他從腰間摸出一個巴掌大的瓷瓶,倒出粉末往傷口里灌。
我渾身發抖,指甲摳進掌心。
"什么藥?"
"不知道名字。每年獵場結束,看守扔一瓶給我。"
他頓了頓。
"讓我別死太快,明年還能接著玩。"
我和賀蘭淵一樣,都是這獵場里的獵物。
不同的是,我只需要撐三天。
他撐了六年。
天亮后,崖頂的死囚開始往下扔石頭。
拳頭大的石頭砸在水洼里濺起渾濁的泥漿。
賀蘭淵坐在青石上,一塊石頭擦著他耳朵飛過去,他眉頭都沒皺。
"每年都這樣?"
"有時候扔石頭,有時候扔糞。"他用刀尖戳著溪里的魚,語氣平淡得好像在說天氣。
"去年扔了一顆人頭。"
我攥緊手里的刀。
這地方不是獵場。是活人煉獄。
藥效沒散干凈。
四五個膽大的死囚從崖壁裂縫摸下來。
他們一看見粉色宮裝就紅了眼。
"前面那個!穿粉衣裳的!砍了她拿賞金!"
"一萬兩銀子夠老子下輩子花不完!"
我左手握刀。
沈家軍的刀法是右手刀,左手使出來招式散了一半,力道不及從前三成。
加上軟筋散未消,第三刀劈出去時腳下一滑,被人一腳踹翻在地。
那人舉起砍刀沖腦袋劈下來。
一根骨簪穿透了他的手腕。
賀蘭淵從青石上起身,不急不徐地擰了半圈,***。
砍刀落地,人跟著跪下去。
剩下四個還沒反應過來,賀蘭淵拎著卷刃刀過去了。
兩肋各中一刀。
他沒刻意閃躲。
兩刀換四條命。
回來時單衣又多了兩道口子,血和汗攪在一起往下淌。
"你受傷了。"
"皮肉傷。"
他蹲下來翻死囚的衣裳,摸出半塊干馕和一壺渾水。
干馕掰成兩半,大的那半扔給我。
"吃飽了才有力氣活到第三天。
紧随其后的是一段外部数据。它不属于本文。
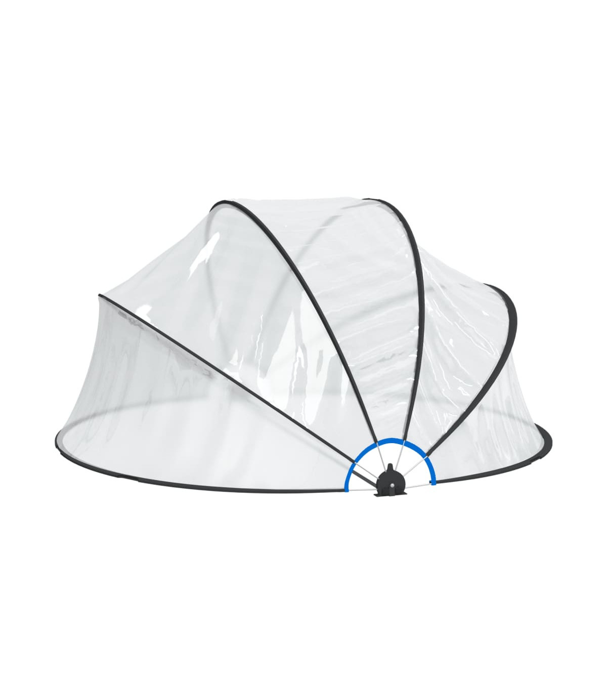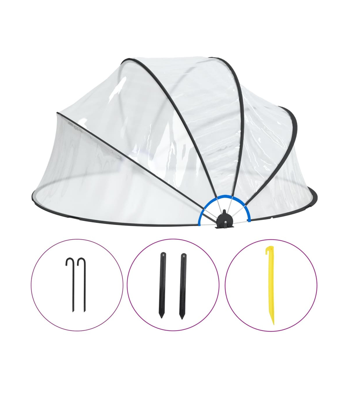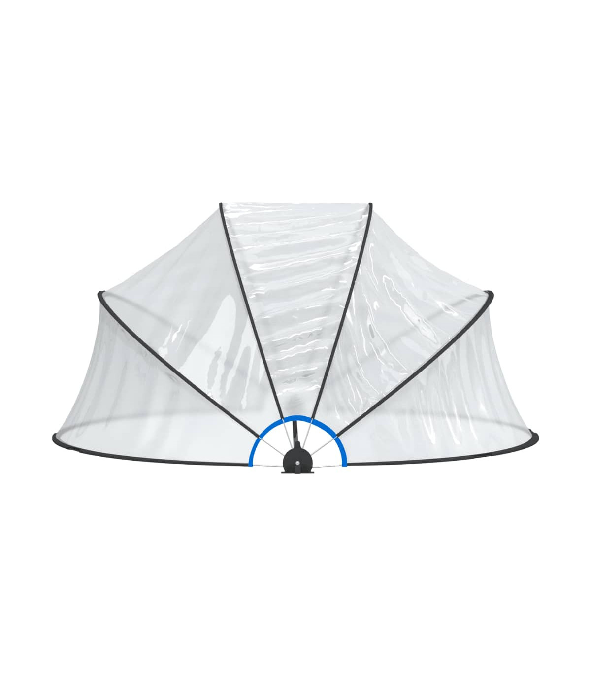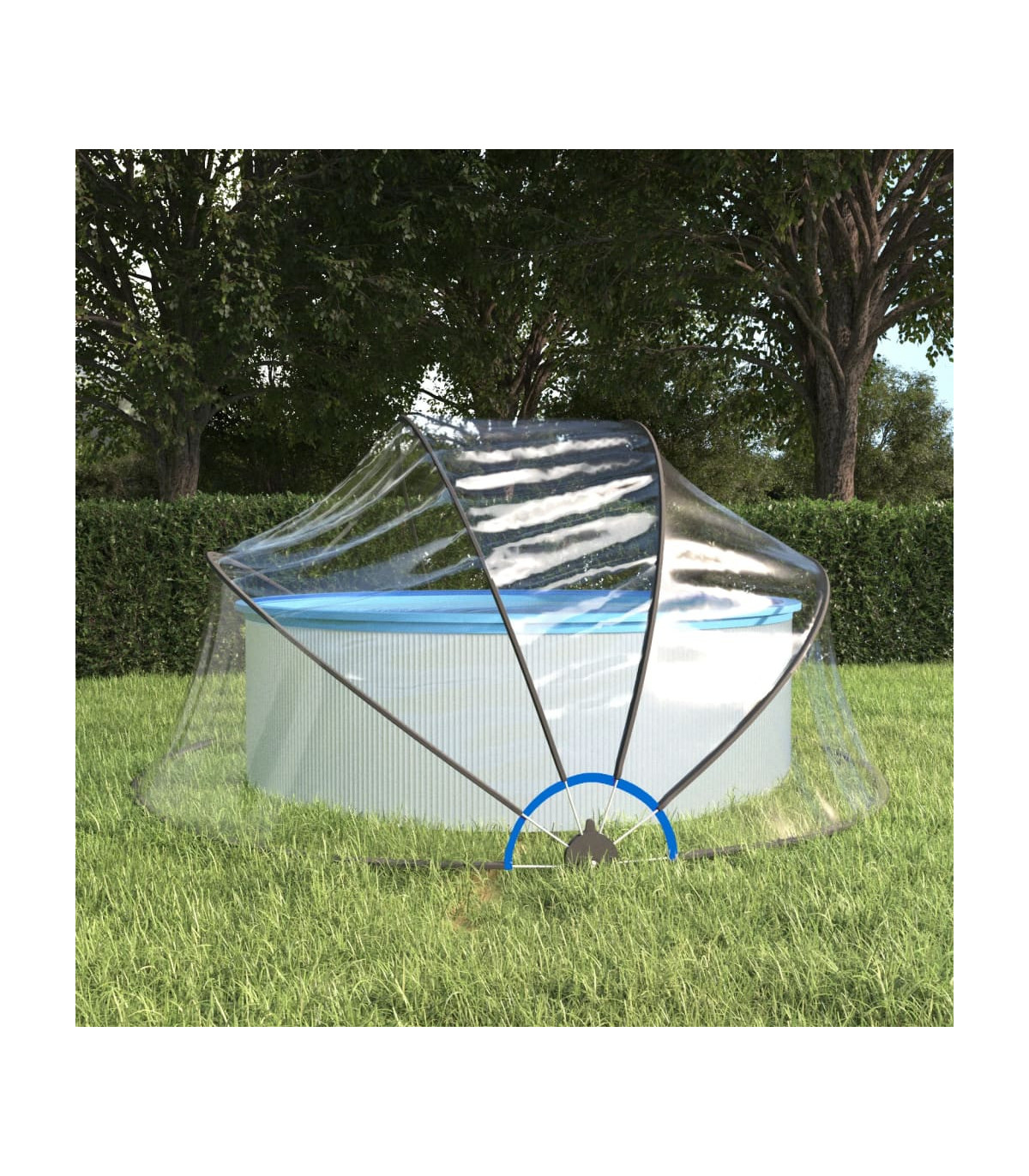 Enjoy the shelter offered by this pool dome while swimming and playing! This pool cover, made of UPF 30 PVC with a fibreglass construction, provides excellent protection against the sun and rain. It prevents external pollutions, such as leaves, insects and dust entering the pool. When necessary, it ensures quicker heating of the water and little heat loss during the night. The canopy is easy to open due to a unique hinge mechanism. With the transparent cover, you will not miss anything that happens outside the bath. To firmly anchor the dome to the ground, the delivery comes with ground spikes and hook ground nails. No need to worry that the pool dome will fly away with the wind. This pool tent is suitable for built-in swimming pools with a max diameter of 400 cm and for above ground swimming pools with max dimensions of 360 x 90 cm (Diameter x H).

"
干馕硬得硌牙,就著渾水勉強咽。
我低頭啃馕時,粉色宮裝的袖口垂在泥水里,沾透了血污。
這是若雪最喜歡的裙子。
她說穿粉色顯得她膚白如雪。
我問她借來穿過一次,她笑著說好姐姐什么都給你,轉頭把裙子鎖進了箱底。
那年我十四,她十三。
我爹帶我去楚家赴宴,楚伯父指著若雪說,這丫頭身子弱,沈丫頭能留下來做個伴不?
我爹是個粗人,打仗厲害應酬不行,拍著我腦袋說,丫頭做個伴也好,省得天天舞刀弄槍不像姑娘。
后來我才知道,那不是赴宴。
是我爹要打西北的仗,怕我一個人在軍營不安全,把我托付給楚家。
他說等仗打完就來接我。
我等了五年。他沒來。
如今坐在崖底啃干馕,我忽然想。
若雪跟我說過的話,哪一句是真的?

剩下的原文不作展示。